§ **To do**: After locating the line with "夏装牛仔阔腿裤女新款卷边大码九分裤bf风学生宽松韩版休闲直筒裤" below, output it and each following line exactly, stopping after the line with "2020年年报显示,鲁泰A的". No pictures.

§ **Recorded information**:
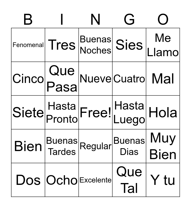 This bingo card has a free space and 31 words: Excelente, Hasta Manana, Hasta Pronto, Terrible, Fenomenal, Buenas Noches, Que Pasa, Buenas Dias, Hasta Luego, Que Tal, Hola, Y tu, Muy Mal, Como Estas, Mal, Adios, Muy Bien, Buenas Tardes, Bien, Regular, Me Llamo, Uno, Dos, Tres, Cuatro, Cinco, Sies, Siete, Ocho, Nueve and Diez.
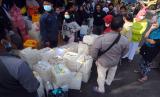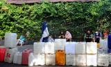 Warga menaruh jeriken saat antre membeli minyak goreng curah bersubsidi di salah satu distributor minyak goreng curah, Kelurahan Sindangbarang, Kota Bogor, Jawa Barat, Selasa (5/4/2022). Antrean yang didominasi para pedagang makanan dan gorengan tersebut telah berlangsung selama dua pekan akibat sulitnya mendapatkan minyak goreng curah bersubsidi yang dijual dengan harga Rp15.500 per kilogram dan dibatasi hanya untuk dua jeriken atau 32 kilogram. (FOTO : ANTARA/Arif Firmansyah)
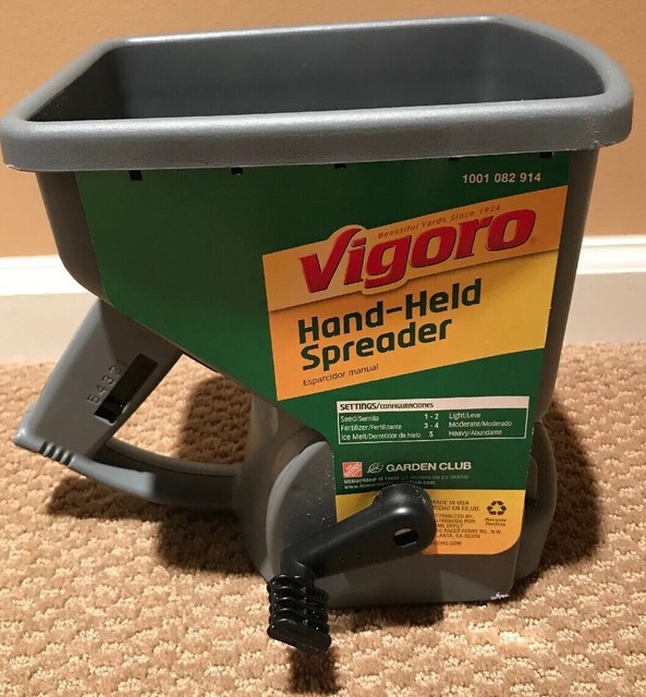 For drop spreaders go with a setting of 5 for overseeding and a bare lawn setting of 6 3 4. For application with a handheld broadcast spreader use a setting of 3 when overseeding and 4 when planting a bare lawn. Designed for 4 season use with vigoro seed fertilizer and ice melt product. The label calls for 3 to 7 pounds per 1000 square feet.
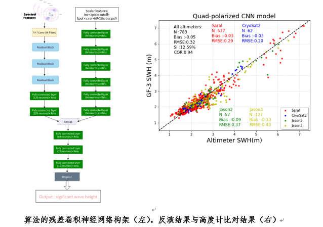 近日,中心航空部王賀副研究員作為第一作者(通訊作者),聯合國內多家海洋科研單位人員,利用人工智能技術,構建了基于殘差網絡的全極化SAR有效波高深度學習反演模型,在SAR海浪遙感方面取得重要進展。相關成果近日發表在國際遙感權威期刊Remote Sensing of Environment(影響因子10.164,中科院一區)。
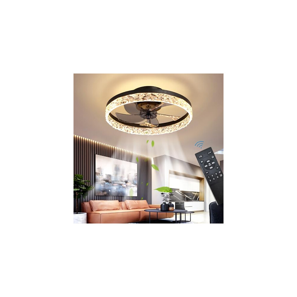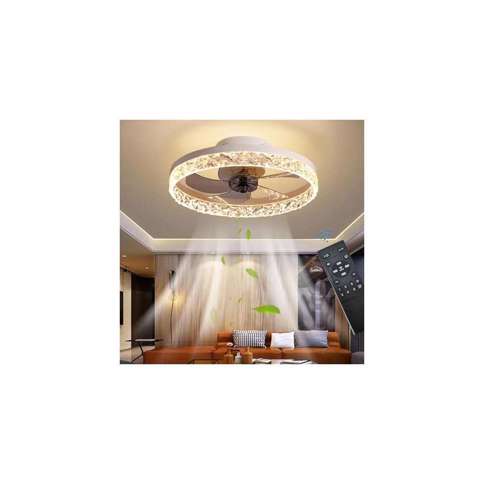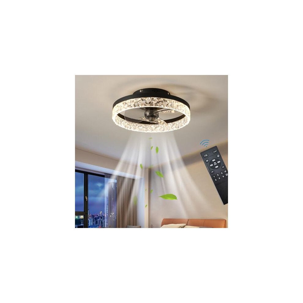 RHEAFON Quite Ceiling Fans with Lights and Remote Smart Ceiling Fan Dimmable LED Bladeless Modern Crystal Ceiling Fan for Bedroom Living Room Dining Room Fan Reversible and 6 Speeds (45cm
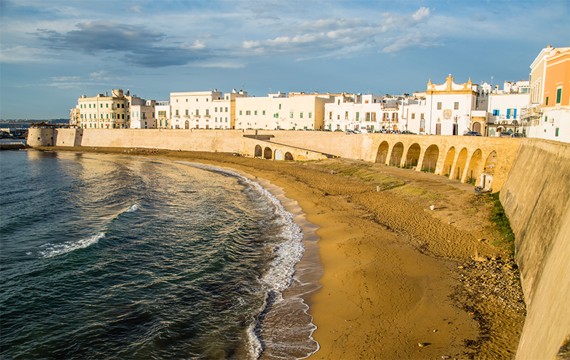 Gallipoli: Opposite Otranto, on the Salento Peninsula’s Ionian Coast, Gallipoli is another must-visit town. Not the same as the WWI Gallipoli you might be thinking of (that one is in Türkiye), although the strategic position of this town made sure its defensive fortifications were put to good use. Today the walls of the tiny historic quarter enclose an impressive collection of Baroque monuments. The seafront promenade affords wonderful views out to the lighthouse of Sant’Andrea Island. In the summertime, relax on the golden sands of Baia Verde or explore the rocky coves of Punta della Suina.
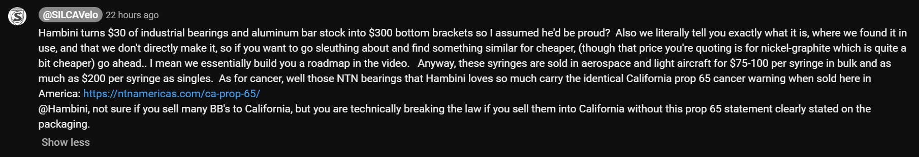 Josh claimed that Hambini (Hambini Engineering) was breaking the law by selling bottom brackets into the US without a Prop65 warning on them. This is factually incorrect as it would require the business to have more than 10 employees. He did not address the high levels of nickel in his lubricant and chose to direct the conversation towards bottom brackets made of “$30 industrial bearings and aluminium bar stock”.
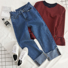 夏装牛仔阔腿裤女新款卷边大码九分裤bf风学生宽松韩版休闲直筒裤
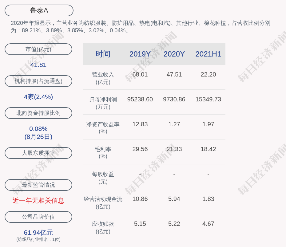 2020年年报显示,鲁泰A的主营业务为纺织服装、防护用品、热电(电和汽)、其他行业、棉花种植,占营收比例分别为:89.21%、3.89%、3.85%、3.02%、0.04%。
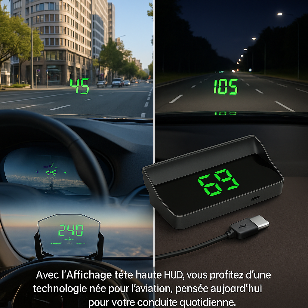 Aujourd’hui, le HUD s’est démocratisé : plus besoin d’un pare-brise spécial ni d’une installation complexe. Notre Affichage tête haute HUD reprend l’essence de cette innovation aéronautique et la rend accessible à tous les véhicules grâce à une alimentation USB 5 V et une mise en route Plug & Play.
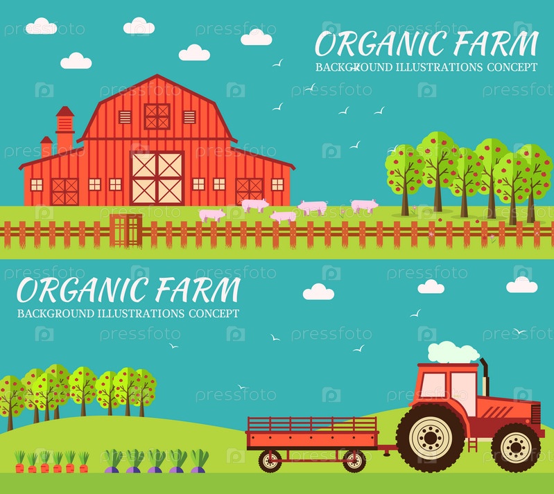 Flat farm in village set sprites and tile sets. инструменты, цветы, овощи, фрукты, сена, здание фермы, животные, трактор, инструменты, одежда. векторные иллюстрации дизайн баннеров концепция

§ **Response to the exercise**:
 夏装牛仔阔腿裤女新款卷边大码九分裤bf风学生宽松韩版休闲直筒裤
 2020年年报显示,鲁泰A的主营业务为纺织服装、防护用品、热电(电和汽)、其他行业、棉花种植,占营收比例分别为:89.21%、3.89%、3.85%、3.02%、0.04%。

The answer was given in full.